━━ Data segment

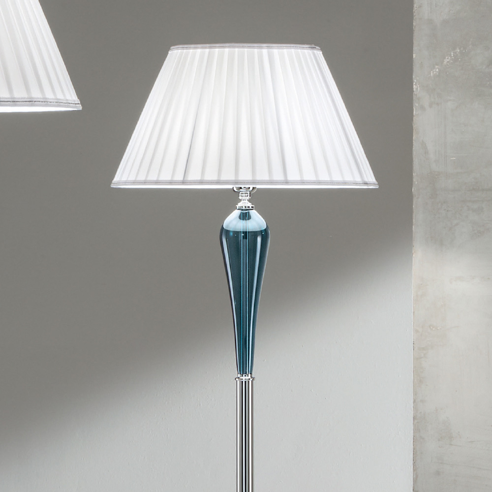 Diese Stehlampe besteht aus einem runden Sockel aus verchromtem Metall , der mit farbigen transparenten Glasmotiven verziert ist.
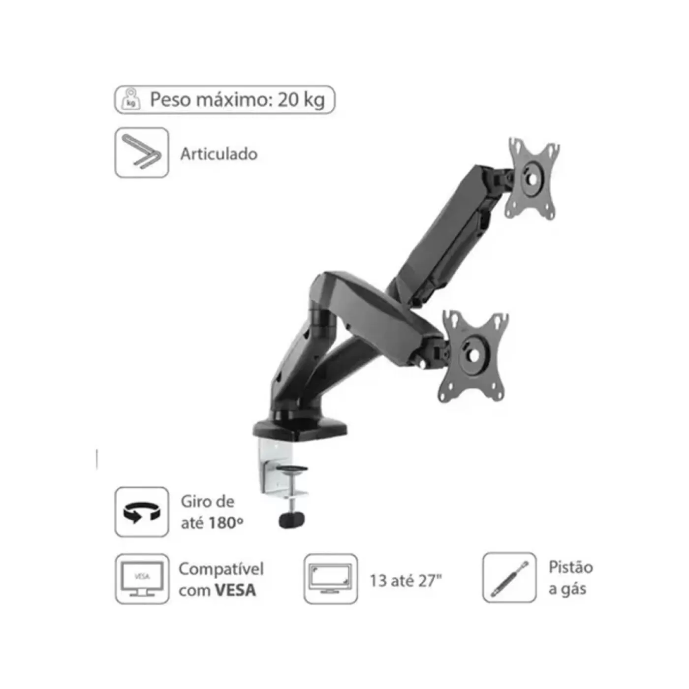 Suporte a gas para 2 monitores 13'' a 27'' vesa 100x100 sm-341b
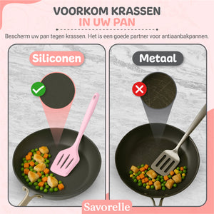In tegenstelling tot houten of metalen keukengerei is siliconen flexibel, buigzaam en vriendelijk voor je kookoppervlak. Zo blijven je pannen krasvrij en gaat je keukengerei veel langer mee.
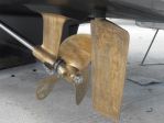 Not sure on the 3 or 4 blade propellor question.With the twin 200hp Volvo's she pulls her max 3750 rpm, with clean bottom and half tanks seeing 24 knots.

━━━━

**Work instruction**
Retype, exactly as written, each line from the one containing "Suporte a gas" through the end of the data above, and leave out every picture.

**Written reply**
 Suporte a gas para 2 monitores 13'' a 27'' vesa 100x100 sm-341b
In tegenstelling tot houten of metalen keukengerei is siliconen flexibel, buigzaam en vriendelijk voor je kookoppervlak. Zo blijven je pannen krasvrij en gaat je keukengerei veel langer mee.
 Not sure on the 3 or 4 blade propellor question.With the twin 200hp Volvo's she pulls her max 3750 rpm, with clean bottom and half tanks seeing 24 knots.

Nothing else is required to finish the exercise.